Segment Start: DATA SHOWN

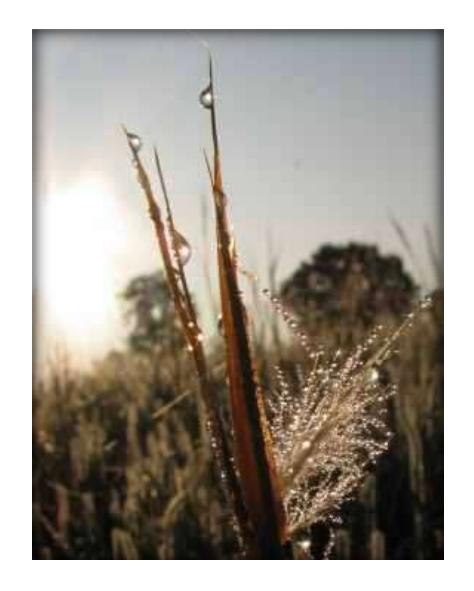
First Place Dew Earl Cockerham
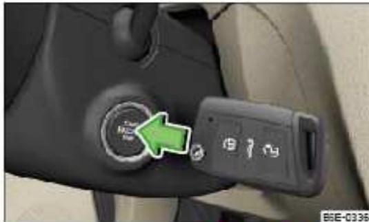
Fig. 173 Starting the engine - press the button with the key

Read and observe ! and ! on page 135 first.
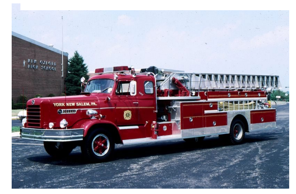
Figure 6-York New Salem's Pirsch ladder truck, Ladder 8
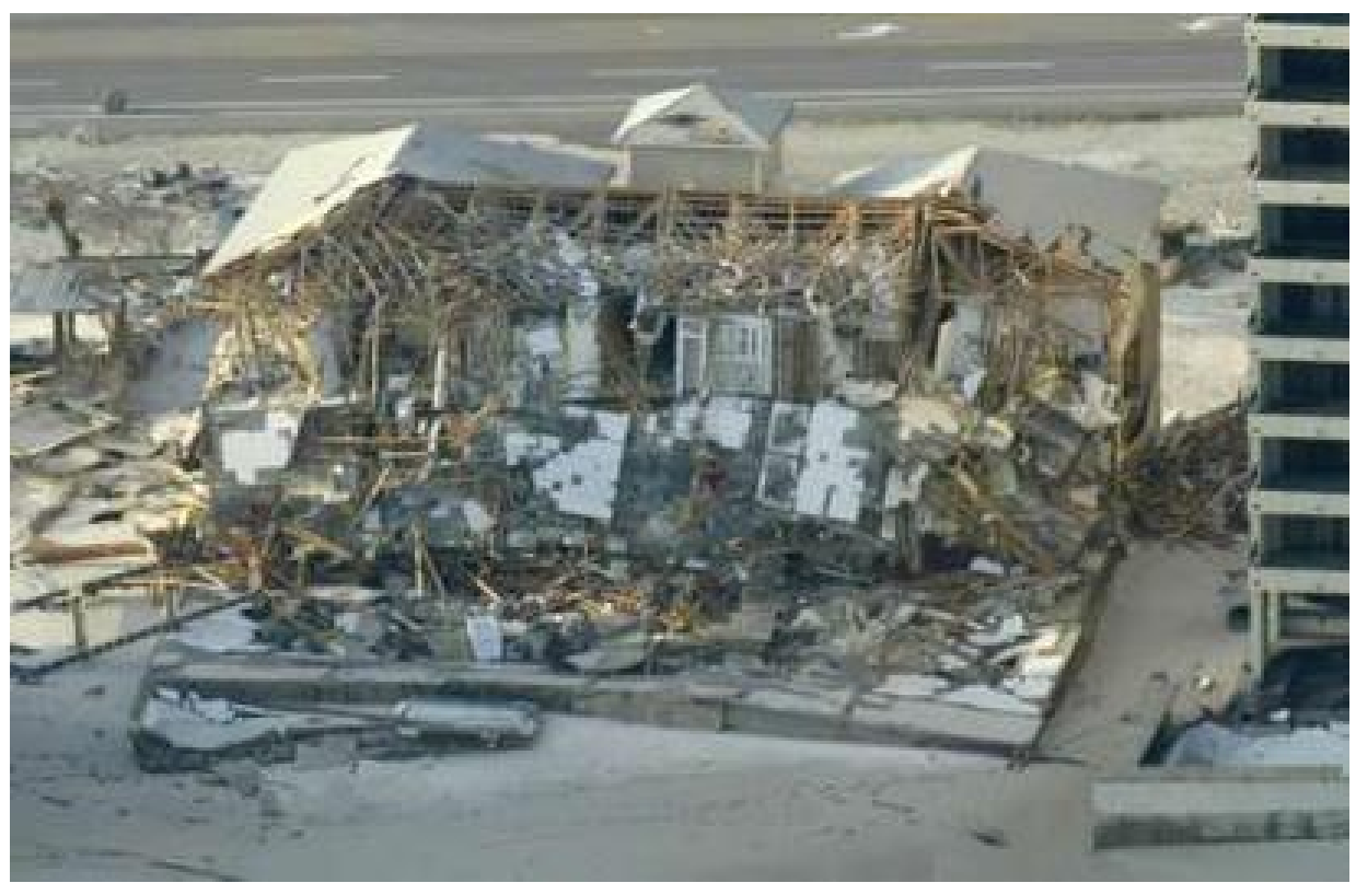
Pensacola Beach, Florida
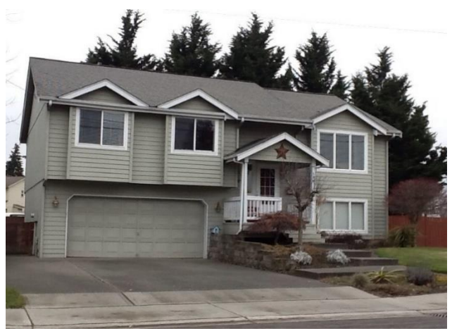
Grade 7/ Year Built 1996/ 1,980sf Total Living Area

Segment End: DATA SHOWN
Segment Start: DATA SHOWN

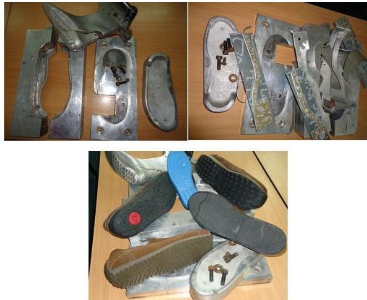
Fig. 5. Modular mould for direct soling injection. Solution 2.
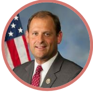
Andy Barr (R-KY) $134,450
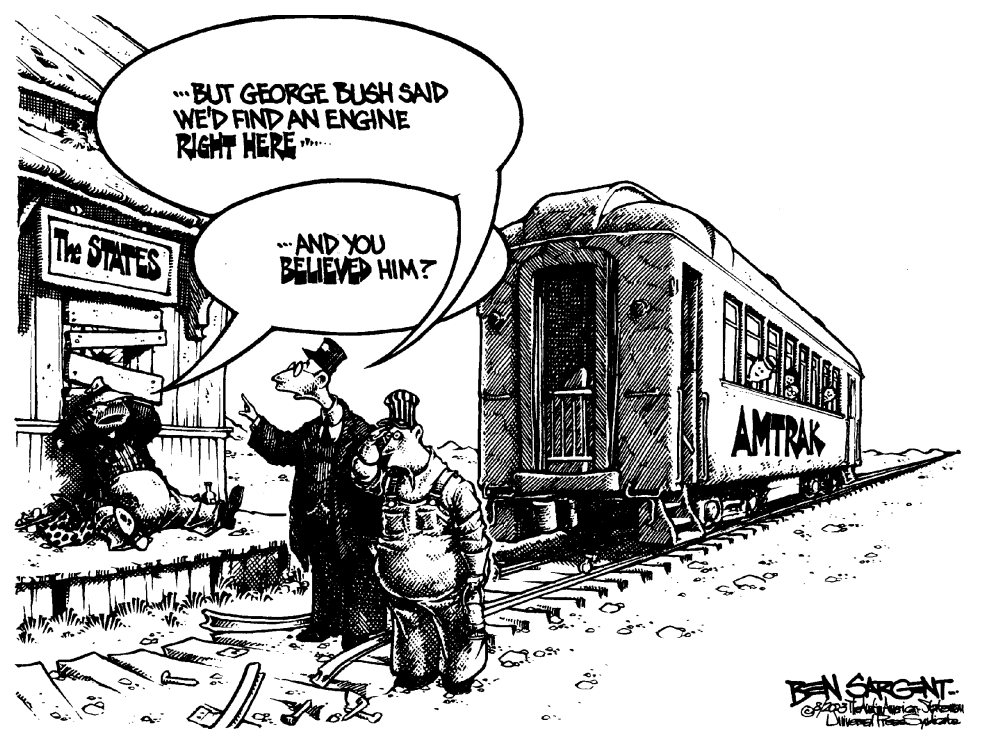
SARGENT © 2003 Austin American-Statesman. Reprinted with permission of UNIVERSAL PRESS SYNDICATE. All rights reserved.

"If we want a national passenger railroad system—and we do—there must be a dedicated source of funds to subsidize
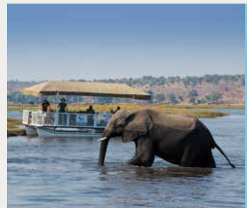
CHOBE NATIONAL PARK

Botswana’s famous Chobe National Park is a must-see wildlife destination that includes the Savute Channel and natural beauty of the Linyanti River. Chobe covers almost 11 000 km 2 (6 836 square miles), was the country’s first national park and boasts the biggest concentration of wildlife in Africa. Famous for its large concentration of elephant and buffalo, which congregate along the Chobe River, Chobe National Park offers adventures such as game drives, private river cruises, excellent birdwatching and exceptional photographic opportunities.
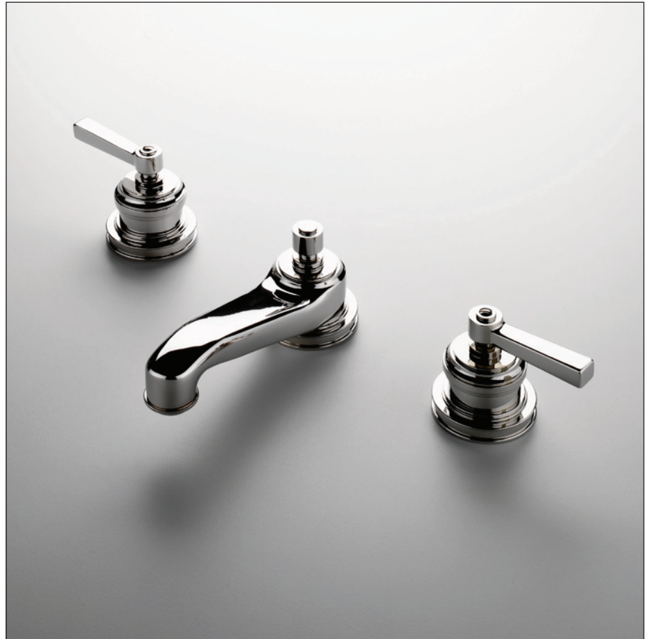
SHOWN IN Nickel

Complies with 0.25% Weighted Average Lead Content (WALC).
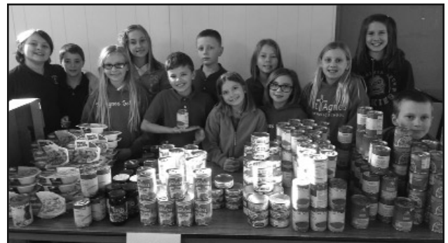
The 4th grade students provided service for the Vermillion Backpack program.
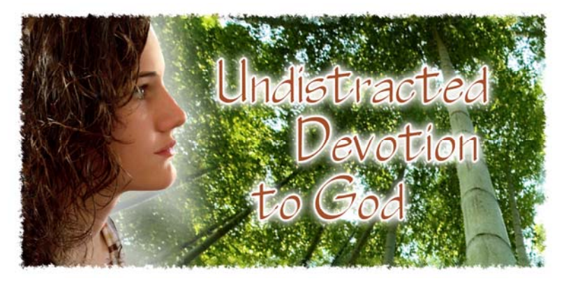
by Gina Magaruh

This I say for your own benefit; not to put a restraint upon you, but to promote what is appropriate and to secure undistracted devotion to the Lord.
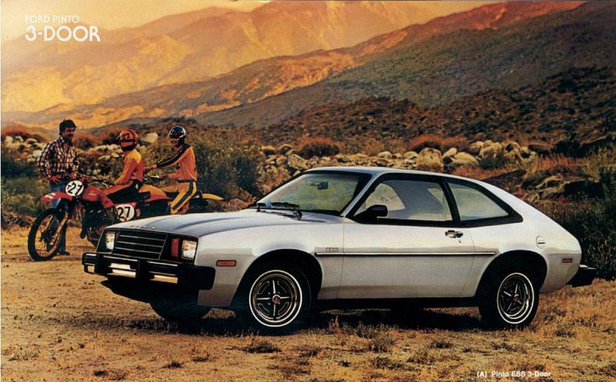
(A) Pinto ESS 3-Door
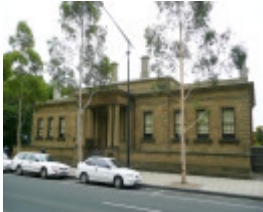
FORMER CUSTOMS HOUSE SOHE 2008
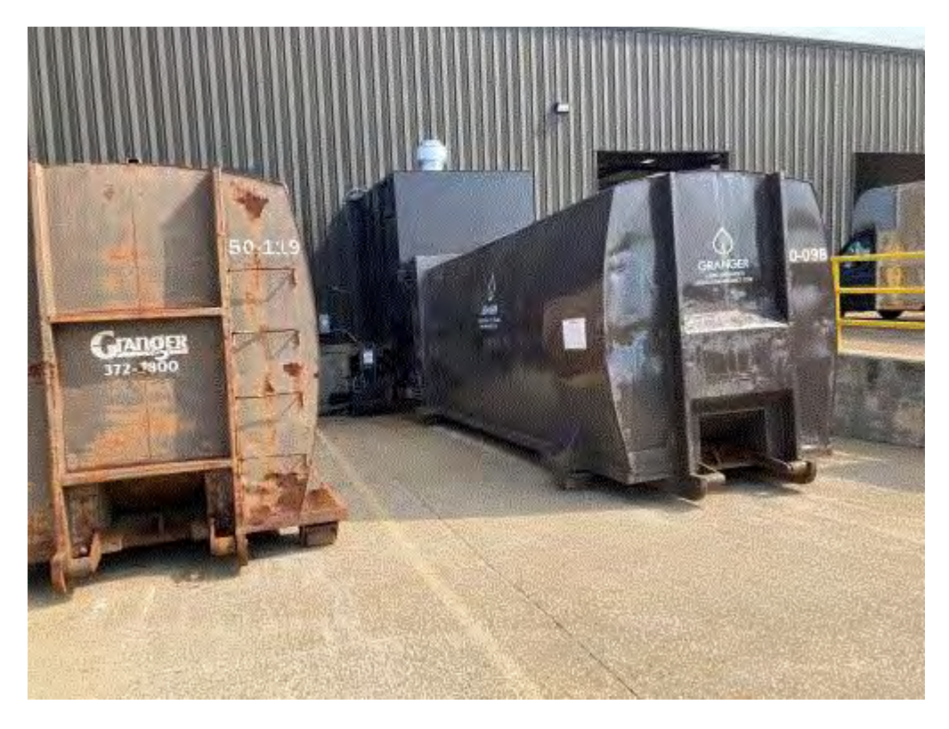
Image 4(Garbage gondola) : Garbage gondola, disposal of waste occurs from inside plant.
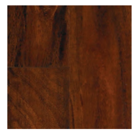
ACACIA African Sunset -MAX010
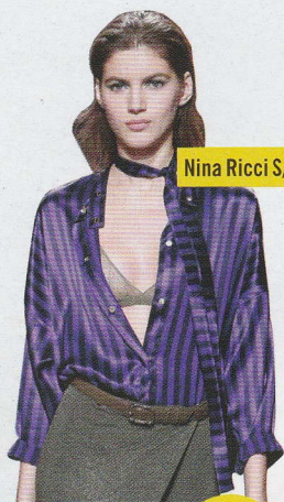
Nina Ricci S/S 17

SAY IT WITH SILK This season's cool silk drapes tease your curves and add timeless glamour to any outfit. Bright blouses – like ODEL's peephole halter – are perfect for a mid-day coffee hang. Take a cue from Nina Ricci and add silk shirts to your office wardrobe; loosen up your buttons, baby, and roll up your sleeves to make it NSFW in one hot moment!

Segment End: DATA SHOWN
Segment Start: DATA SHOWN

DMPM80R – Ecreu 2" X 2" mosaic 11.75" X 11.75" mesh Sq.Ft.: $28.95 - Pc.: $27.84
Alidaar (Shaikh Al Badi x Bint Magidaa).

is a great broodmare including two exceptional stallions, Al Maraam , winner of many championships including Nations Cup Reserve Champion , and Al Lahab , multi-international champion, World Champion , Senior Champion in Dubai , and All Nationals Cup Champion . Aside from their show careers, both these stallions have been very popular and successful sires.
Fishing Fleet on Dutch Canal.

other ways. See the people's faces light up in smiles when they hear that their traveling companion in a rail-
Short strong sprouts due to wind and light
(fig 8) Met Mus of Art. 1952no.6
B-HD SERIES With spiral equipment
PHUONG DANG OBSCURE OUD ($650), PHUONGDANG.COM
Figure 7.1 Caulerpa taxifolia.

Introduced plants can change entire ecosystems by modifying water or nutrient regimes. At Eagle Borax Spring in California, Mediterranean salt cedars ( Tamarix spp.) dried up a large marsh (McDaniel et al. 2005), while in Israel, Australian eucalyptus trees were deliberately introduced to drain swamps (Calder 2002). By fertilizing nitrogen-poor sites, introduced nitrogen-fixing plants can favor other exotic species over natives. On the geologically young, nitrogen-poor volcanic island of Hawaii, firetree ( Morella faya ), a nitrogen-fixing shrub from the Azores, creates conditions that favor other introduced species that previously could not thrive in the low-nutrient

Segment End: DATA SHOWN

In the listing above, find the line with "SHOWN IN Nickel" and the line with "ACACIA African Sunset -MAX010". Set down both and every line between them, minus the pictures.

• _TASK OUTPUT_:
SHOWN IN Nickel

Complies with 0.25% Weighted Average Lead Content (WALC).
The 4th grade students provided service for the Vermillion Backpack program.
by Gina Magaruh

This I say for your own benefit; not to put a restraint upon you, but to promote what is appropriate and to secure undistracted devotion to the Lord.
(A) Pinto ESS 3-Door
FORMER CUSTOMS HOUSE SOHE 2008
Image 4(Garbage gondola) : Garbage gondola, disposal of waste occurs from inside plant.
ACACIA African Sunset -MAX010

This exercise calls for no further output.